CAN WE CANCEL STUDENT DEBT?
While colleges and universities experienced a decline in enrollment last fall, indicating a potential decrease in borrowing, almost one-fifth of all federal borrowers defaulted on their loans, according to Pew Trusts.
Amid these economic challenges, politicians, activists and students have called on the federal government to cancel student debt. Individuals who oppose student debt cancellations say the move would be too costly, with the Los Angeles Times Editorial Board arguing that forgiving up to $50,000 per borrower could cost the U.S. Department of Treasury an approximate $1 trillion.
Huelsman thinks canceling student debt is feasible because Pell Grants, not loans, were supposed to be the main way that students finance their college education.
Recently, the value of Pell Grants, state grants for lower-income individuals, have decreased, allowing loans to become the main form of education finance. Funding for Pell Grants decreased from $1.4 billion to $1.1 billion in 2021 because of reduced congressional funding, according to the Center on Budget and Policy Priorities.

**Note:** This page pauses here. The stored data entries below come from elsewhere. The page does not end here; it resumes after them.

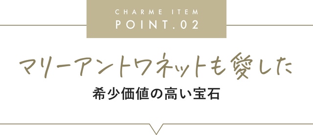 中世のヨーロッパでは、社交界など暗い照明の下でより深い色合いや輝きを放つことから、『夜の宝石の女王』と言われていたほど美しい輝き。かのマリーアントワネットもその美しさに魅了され、珍重していたと言われています。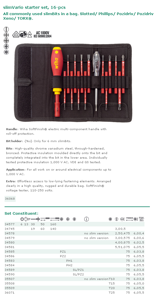 Wiha : WIHA Tournevis - Tournevis SoftFinish Electric SlimVario - Jeu SlimVario-16 pièces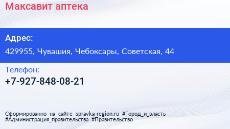 Максавит, аптека по адресу 429955, Чувашия, Чебоксары, Советская, 44 в дальнейшем Организация, размещена в следующих категориях: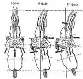 III фаза. Как только лошадь немного приняла, всадник укорачивает и внешний повод. Поскольку шея лошади уже изогнута, он действует при наборе в направлении хорды дуги окружности, усиливая принимание, и одновременно давит на изогнутую шею. Перенос кисти через холку недопустим. Пояснично-крестцовый отдел, корпус, оба шенкеля и внутренний повод воздействуют, как и прежде. Важнейшим воздействием в этом случае является перенос корпуса; так же меняет направление движения и велосипедист не столько поворотом руля, сколько наклоном корпуса. Если этого не произойдет, то все движения лошади и всадника будут негармоничными. Ибо всадник должен постоянно согласовывать положение своего центра тяжести с центром тяжести лошади. Если он требует, чтобы лошадь изогнулась по всей своей длине, то центр тяжести ему следует перенести назад. Если же лошадь изогнется вокруг внутреннего шенкеля, то всадник и сидеть должен соответствующим образом, т.е. кости таза и бедра должны давить вперед, внутренний шенкель воздействовать вплотную у подпруги, а внешний шенкель на расстоянии ширины ладони сместиться за подпругу. Трудно сказать, чему следует придавать большее значение во II фазе: удлинению внешнего повода или укорочению внутреннего. Это зависит от того, как выезжена и восприимчива лошадь. Во всяком случае, одним набором повода внутренней кисти всадник не сможет достичь чистого принимания лошадью внутрь. Раньше или позже любая лошадь воспротивится такому воздействию. В работе с молодыми и горячими лошадьми продвижение вперед внешней кисти руки, конечно, важней, чем набор внутреннего повода. Только в III фазе, после того как достигнуто некоторое принимание внутрь, всадник набирает оба повода, причем внешний сильней, чем внутренний. В то время как внутренний повод мягко заботится о сохранении контакта, внешний повод дает лошади постав и усиливает само принимание. Искривление шеи лошади или ее сопротивление и непослушание чаще возникают от слишком сильного воздействия внутреннего повода, чем от сильного воздействия внешнего. Если лошадь искривляет шею, отказывается принимать, тянет вперед или пятится назад, мотает головой, то всаднику следует поехать вперед и проверить, повинуется ли лошадь его посылам. Самоконтроль во время езды на принявшей лошади труднее, чем при выполнении всех других заданий. Даже если в манеже поставлены зеркала, у многих всадников таки бывают ошибки в посадке. Только после того, как всадник практически научится использовать принимание при езде на вольту, серпантином и на галопе, а также при поворотах на месте и прежде всего при повороте на задних ногах, он сможет проверить свое умение заставить лошадь принимать. Часто дают плохой совет, рекомендуя для езды с приниманием отодвинуть назад внешнее плечо. Это советуют потому, что многие всадники во время езды так скованы, что, отодвинув назад внешнее плечо, они одновременно отодвинут назад и внешнее бедро. Но внешнее бедро не следует отодвигать назад, нужно внутреннее бедро подвинуть вперед, а это не одно и то же. Кроме того, каждый человек может передвигать плечи и бедра независимо друг от друга, а во время верховой езды он должен быть так расслаблен, чтобы мог это сделать. Но если всадник скован, то нет смысла усугублять это состояние. Внешнее же плечо при езде с приниманием нужн

Huelsman also points to the federal government’s student loan moratorium as an indication that pausing loan payments does not upend the U.S.economy.
“We’re able to pay our bills as a country, there’s nothing that we need, we do not need to force people into debt to finance anything in this country,” Huelsman said.

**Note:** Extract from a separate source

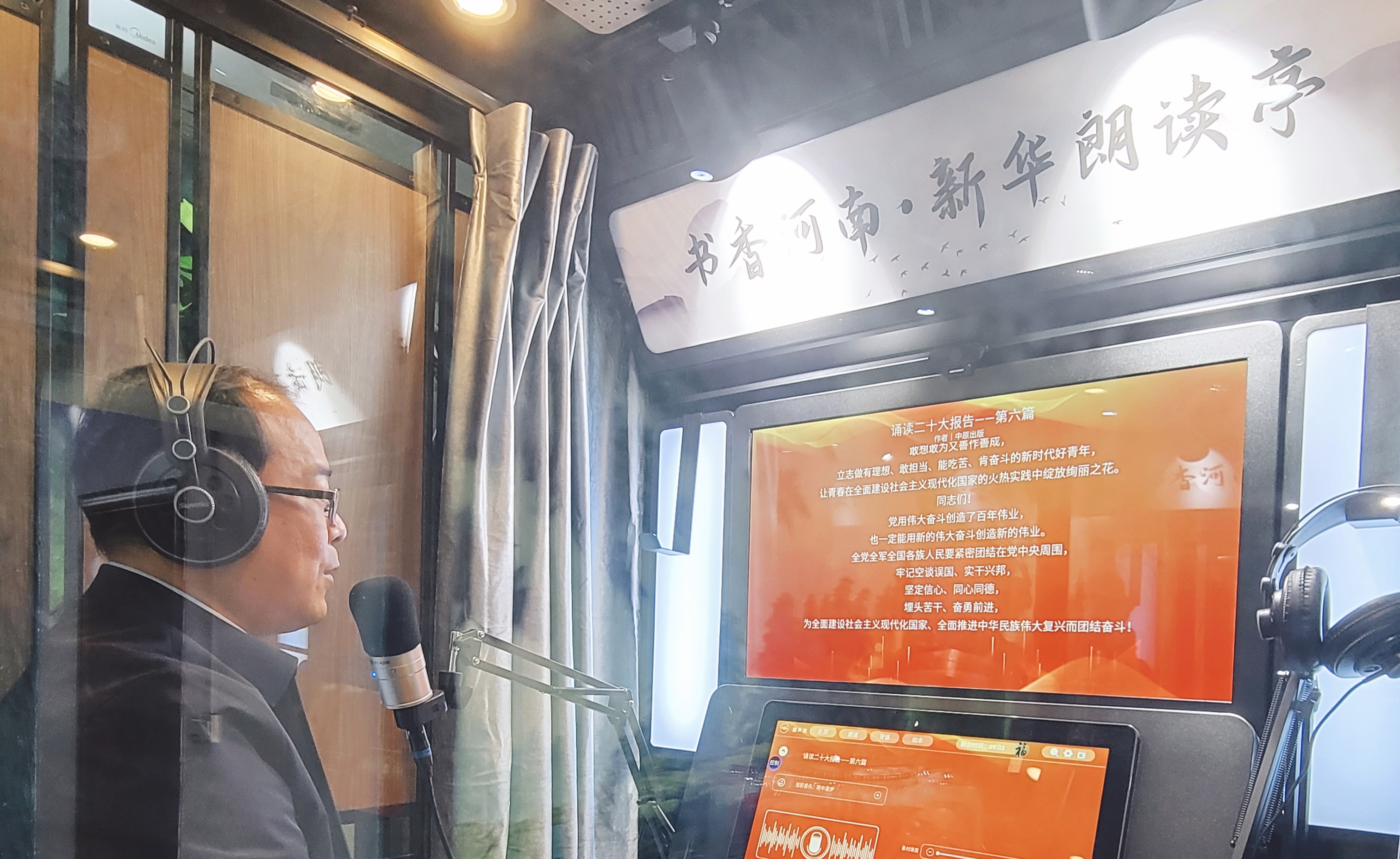 據(jù)了解,此次誦讀活動時間為10月26日至11月30日?;顒又饕x了黨的二十大報告中十五個章節(jié)的部分文字作為誦讀素材,誦讀者進入朗讀亭后,只要打開手機進行微信登錄,就可以選擇喜歡的片段進行誦讀,最后還可以在結(jié)尾處針對誦讀內(nèi)容發(fā)表切身感悟。

For Binh Nguyen, a 2017 strategic communication alumna, the federal moratorium allowed her to catch up on her payments while her loans are not accumulating interest.
“It was a relief, knowing that now moving forward the amount that I am paying is contributing to the actual cost of my loans and not just the interest aspect of it,” Nguyen said.
Despite resources and potential solutions, the anxiety of impending debt weighs on Saunders’ mind.
“Money is the first thing I think about when I go to bed and the first thing I think about when I go to sleep and it has affected every, I mean even when it comes to registering for classes every semester, my anxiety, my fears and my rationale, how I rationalize things just goes out the window because here I am making all my decisions based off of money,” Saunders said.